A sum amounts to Rs. 9,680 in 2 years and Rs. 10,648 in 3 years at a certain rate per annum, interest compounded yearly. The same sum will amount to how much after \(3\frac{3}{4}\) years at double the rate of interest (nearest to a whole number)? 

Given:

Amount after 2 years (A₂) = ₹9,680

Amount after 3 years (A₃) = ₹10,648

Time (t₂) = 2 years

Time (t₃) = 3 years

Time for calculation = 3(3/4) years = 3.75 years

Formula used:

A = P(1 + r/100)^t

Calculations:

From the given data:

A₃/A₂ = (1 + r/100)³ / (1 + r/100)²

⇒ ₹10,648/₹9,680 = (1 + r/100)

⇒ 1.1 = (1 + r/100)

⇒ r = 10%

A₂ = P\((1+\frac{r}{100})^2\)

9680 = P\((1+\frac{10}{100})^2\)

9680 = P\((1.1)^2\)

9680 = P × 1.21

⇒ P = \(\frac{9680}{1.21}\)

⇒ P = ₹8,000

New rate (r') = 2 × original rate = 2 × 10% = 20%

New time (t') = \(3\frac{3}{4}\) years = 3 years + \(\frac{3}{4}\) year

First, calculate the amount after 3 full years with the new rate:

Amount after 3 years = P\((1+\frac{r'}{100})^3\)

⇒ Amount after 3 years = 8000\((1+\frac{20}{100})^3\)

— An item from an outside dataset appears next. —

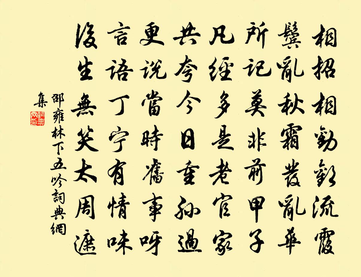 詩詞名句歷史字典書法欣賞書法字典國語詞典說文解字康熙字典古漢語字典標 題 作 者 詩 句 林下五吟作者:邵雍 朝代:宋代林下五吟原文相招相勸歡流霞,鬢亂秋霜發亂華。所記莫非前甲子,凡經多是老官家。共夸今日重孫過,更說當時舊事呀。言語丁寧有情味,後生無笑太周遮。詩詞問答問:林下五吟的作者是誰?答:邵雍問:林下五吟寫於哪個朝代?答:宋代邵雍林下五吟書法欣賞林下五吟書法作品詩詞推薦布袋和尚贊三首釋智朋〔宋代〕托布囊,握烏藤。街頭市尾,不是閒行。山齋姚勉〔宋代〕茅齋住翠林,一逕總清陰。澗近水聲入,窗虛山色侵。讀書依竹靜,送客出花深。此地無塵俗,令人長道心。第一百七十七文天祥〔宋代〕男兒生世間,居然成濩落。鸞鳳有鎩翮,虹霓就撐握。已亥雜詩 90龔自珍〔清代〕過百由旬煙水長,釋迦老子怨津梁。聲聞閉眼三千劫,悔慕人天 * 王。復和定國惠竹皮枕謔句晁補之〔宋代〕老來山水興彌深,不在長安俠少林。它日只為林下計,不將錦被作呻吟。寄象岑上人釋行海〔宋代〕宴坐凌霄峰頂寺,時時音信得相聞。十年寥落長為客,四海交遊少似君。楊柳重青相送處,鷺鷥潔白自成群。寒思題甄氏訪山亭二首陳觀〔宋代〕雨後西山翡翠堆,結亭直欲近岩隈。從今記取溪頭路,一日須來一百回。雜詠五言八首劉克莊〔宋代〕有劍彈歡鋏,無金築隗台。孝王雖貴介,猶解客鄒枚。桂隱紀詠詠老軒張鎡〔宋代〕因看上下經,便無煩惱事,慈儉不為先,躬行五個字。次韻吉老寄君庸黃庭堅〔宋代〕何郎生事四立壁,心地高明百不憂。白眼醉來思阮籍,碧雲吟罷對湯休。諸公著力書交上,尺璧深藏價未酬。空使劉邦直送早梅水仙花四首黃庭堅〔宋代〕錢塘昔聞水仙廟,荊州今見水仙花。暗香靜色撩詩句,宜在林逋處士家。楊柳枝方岳〔宋代〕小橋風定綠煙垂,幾送行人此別離。蹀躞玉驄嘶草去,啼鶯寂螢雨千絲。西江月向滈〔宋代〕別後千思萬想,眼前一日三秋。小街欄檻記追游。料得新妝依舊。自笑非常蒂殢,為他無限閒愁。莫將離恨寄鄜州理笙卓英英〔唐代〕頻倚銀屏理鳳笙,調中幽意起春情。因思往事成惆悵,不得緱山和一聲。戲效屏山書齋十詠劉克莊〔宋代〕工師將考室,何止大為杗。搘案雖微用,由來寸有長。酬淨因長老樓上翫月見懷有疑君魂夢在清都之王安石〔宋代〕道人心與世無求,隱几蕭然在此樓。坐對高梧傾曉月,看翻清露洗新秋。登臨更欲邀元亮,披寫還能擬惠休。顧我偶成曹彥約〔宋代〕若問如是是此心,能思能索又能尋。汝心底用他人說,只是尋常用底心。己未元日劉克莊〔宋代〕久向優場脫戲衫,亦無布袋杖頭擔。化彌勒身千百億,問絳人年七十三。諸老蕭疏留後殿,高僧滅度少同參。未應頌古五十三首釋文禮〔宋代〕強將不識鼓唇牙,胡語如何亂得華。若使老蕭皮有血,定應趕逐過流沙。和同行潘生悒悒悠悠二首之二賀鑄〔宋代〕悠悠復悠悠,淚寄東風流。所思悵何許,西北齊雲樓。名句推薦其出不出,間不容髮。班固《漢書·傳·賈鄒枚路傳》 窮則獨善其身,達則兼善天下。孟子《孟子·盡心章句上·第九節》 傷心重見,依約眉山,黛痕低壓姜夔《慶宮春·雙槳蓴波》 夜闌風靜欲歸時,惟有一江明月碧琉璃。蘇軾《虞美人·有美堂贈述古》 山遠近,路橫斜,青旗沽酒有人家。辛棄疾《鷓鴣天·陌上柔桑破嫩芽》 桃花三十六陂,鮫宮睡起,嬌雷乍轉。吳文英《瑞龍吟·德清清明競渡》 故人宿茅宇,夕鳥栖楊園。李白《之廣陵宿常二南郭幽居》 楊柳回塘,鴛鴦別浦。綠萍漲斷蓮舟路。賀鑄《芳心苦·楊柳回塘》 嘆流年、又成虛度。陸游《謝池春·壯歲從戎》 得閉口時須閉口,得放手時須放手。馮夢龍《醒世恆言·卷六》

⇒ Amount after 3 years = 8000\((1.2)^3\)

⇒ Amount after 3 years = 8000 × 1.728

⇒ Amount after 3 years = ₹13,824

Now, The simple interest for the remaining \(\frac{3}{4}\) year on this amount:

Interest for fractional year = \(13824 \times \frac{20}{100} \times \frac{3}{4}\)

⇒ Interest for fractional year = \(13824 \times 0.20 \times 0.75\)

⇒ Interest for fractional year = 13824 × 0.15

⇒ Interest for fractional year = ₹2073.6

Final Amount = Amount after 3 years + Interest for fractional year

⇒ Final Amount = ₹13,824 + ₹2073.6

⇒ Final Amount = ₹15,897.6

⇒ Final Amount ≈ ₹15,898

∴ The same sum will amount to ₹15,898 (nearest to a whole number) after \(3\frac{3}{4}\) years at double the rate of interest.